**WORK TO COMPLETE**
Could the listing below be reproduced exactly, minus its pictures?

**SUPPLIED DATA**
----------------
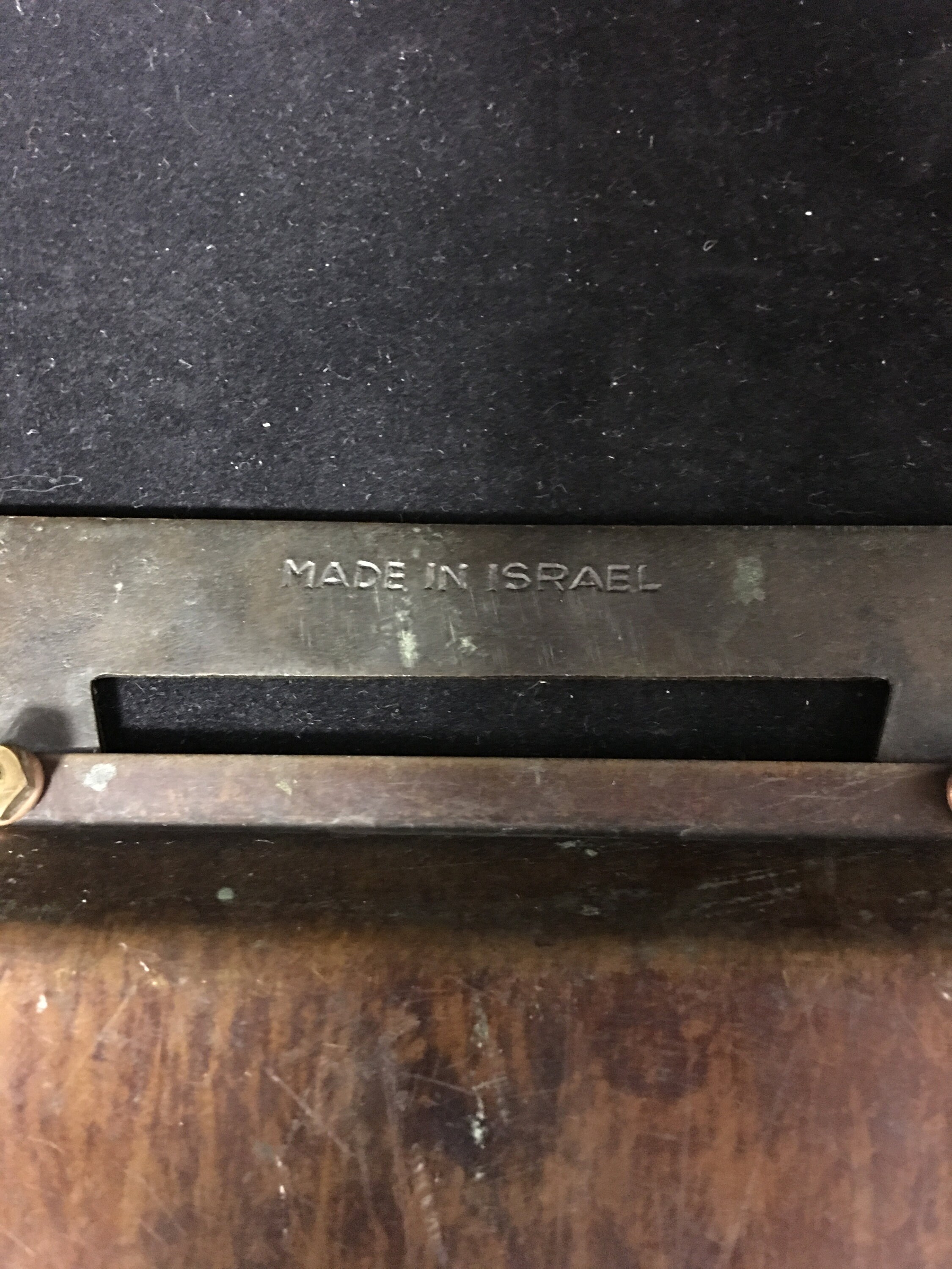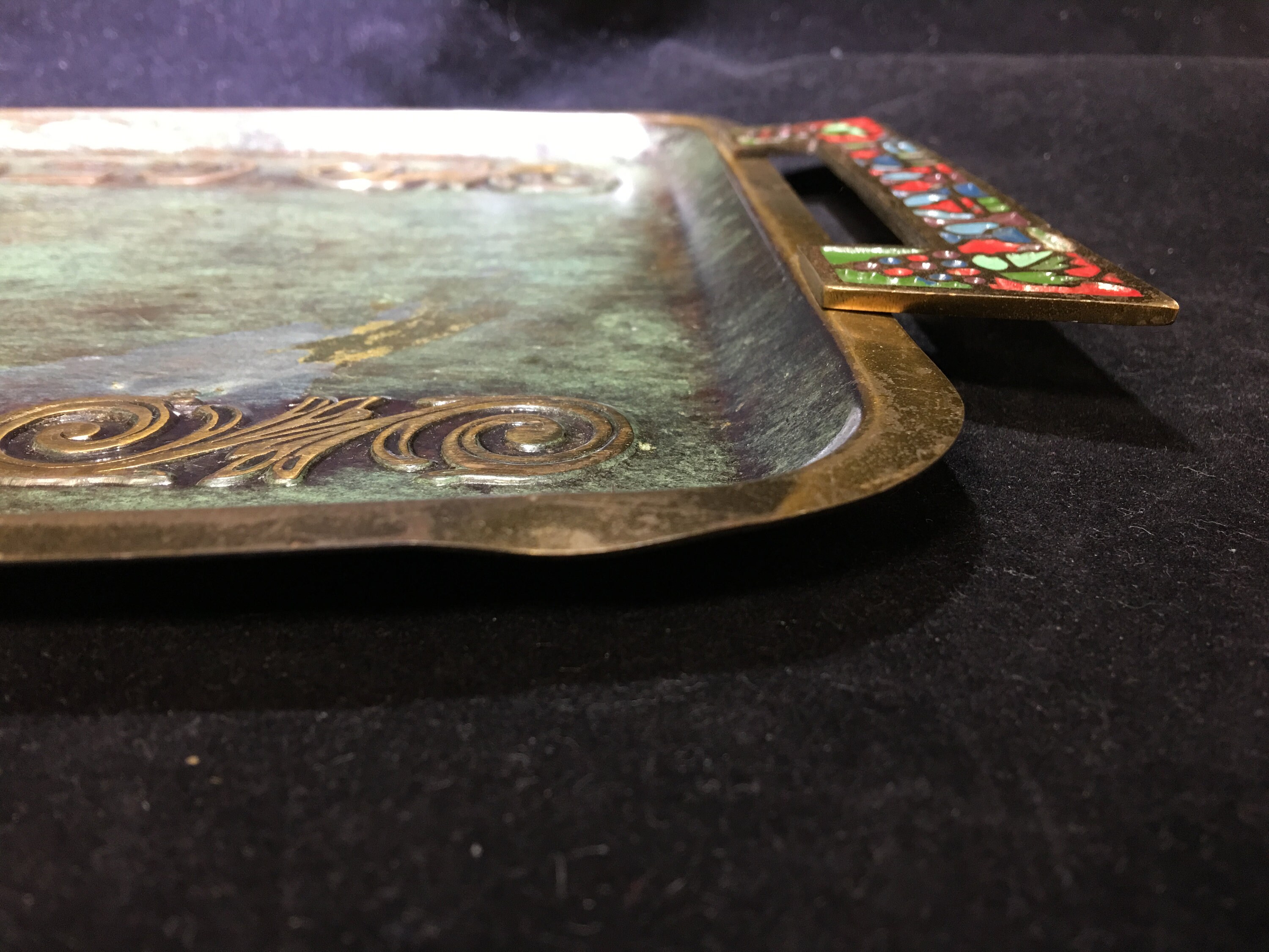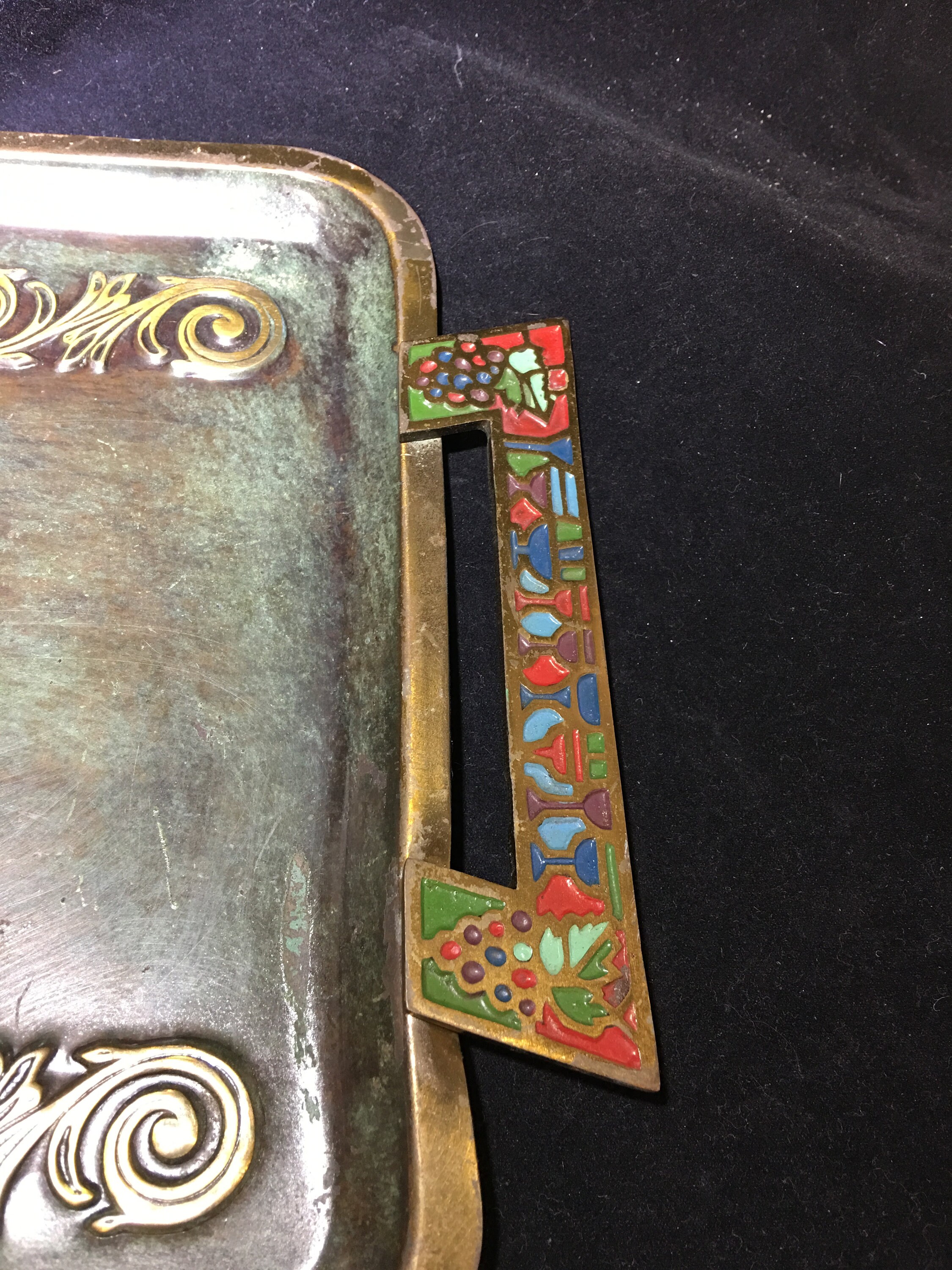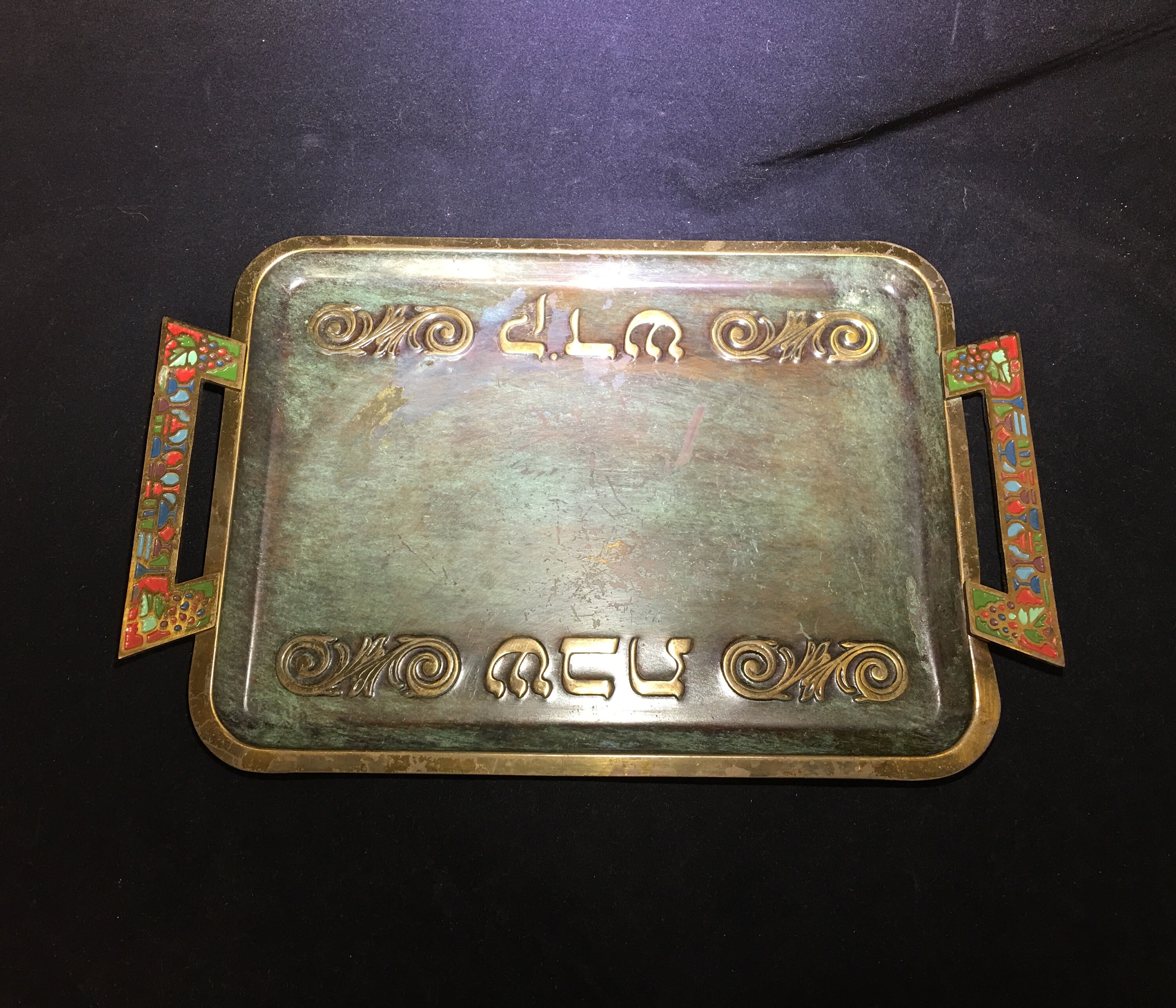 Beautiful Handcrafted Brass Challah Tray with Enamel Handles. Tray surface is washed with a green finish. Handles are finished in a vibrant enamel pattern. "Made in Israel" stamp on handle backs. Condition reflected in pricing. Front surface is worn and scratched from use. Small dives on tray edge. See photos. All-in-all, a very nice piece.
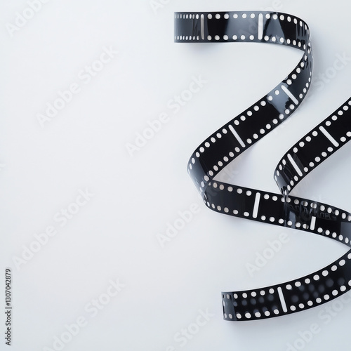 A piece of black and white film reel spiraling gracefully against a plain background, symbolizing the art of cinematography.
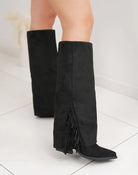 Les bottes Misha allient confort et élégance bohème. Fabriquées en suédine synthétique douce avec un détail à franges sur le côté extérieur. Le talon bloc de 6 cm offre une hauteur idéale tout en restant confortable.
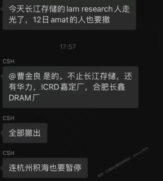 截(jie)至目前,五大半導體(ti)設備巨頭的(de)員工已陸續撤出(chu)中(zhong)國(guo)大陸的(de)晶圓廠(chang),據《華爾街(jie)日報(bao)(bao)》援(yuan)引(yin)知(zhi)(zhi)情人(ren)(ren)士的(de)報(bao)(bao)導,美國(guo)供應商已經暫停對(dui)長江(jiang)存儲已安裝設備的(de)支(zhi)持,并暫時停止安裝新(xin)工具。知(zhi)(zhi)情人(ren)(ren)士說,這(zhe)些供應商也暫時撤出(chu)了他們(men)在長江(jiang)存儲的(de)員工。
----------------
**ANSWER SPACE**
 Beautiful Handcrafted Brass Challah Tray with Enamel Handles. Tray surface is washed with a green finish. Handles are finished in a vibrant enamel pattern. "Made in Israel" stamp on handle backs. Condition reflected in pricing. Front surface is worn and scratched from use. Small dives on tray edge. See photos. All-in-all, a very nice piece.
 A piece of black and white film reel spiraling gracefully against a plain background, symbolizing the art of cinematography.
 Les bottes Misha allient confort et élégance bohème. Fabriquées en suédine synthétique douce avec un détail à franges sur le côté extérieur. Le talon bloc de 6 cm offre une hauteur idéale tout en restant confortable.
 截(jie)至目前,五大半導體(ti)設備巨頭的(de)員工已陸續撤出(chu)中(zhong)國(guo)大陸的(de)晶圓廠(chang),據《華爾街(jie)日報(bao)(bao)》援(yuan)引(yin)知(zhi)(zhi)情人(ren)(ren)士的(de)報(bao)(bao)導,美國(guo)供應商已經暫停對(dui)長江(jiang)存儲已安裝設備的(de)支(zhi)持,并暫時停止安裝新(xin)工具。知(zhi)(zhi)情人(ren)(ren)士說,這(zhe)些供應商也暫時撤出(chu)了他們(men)在長江(jiang)存儲的(de)員工。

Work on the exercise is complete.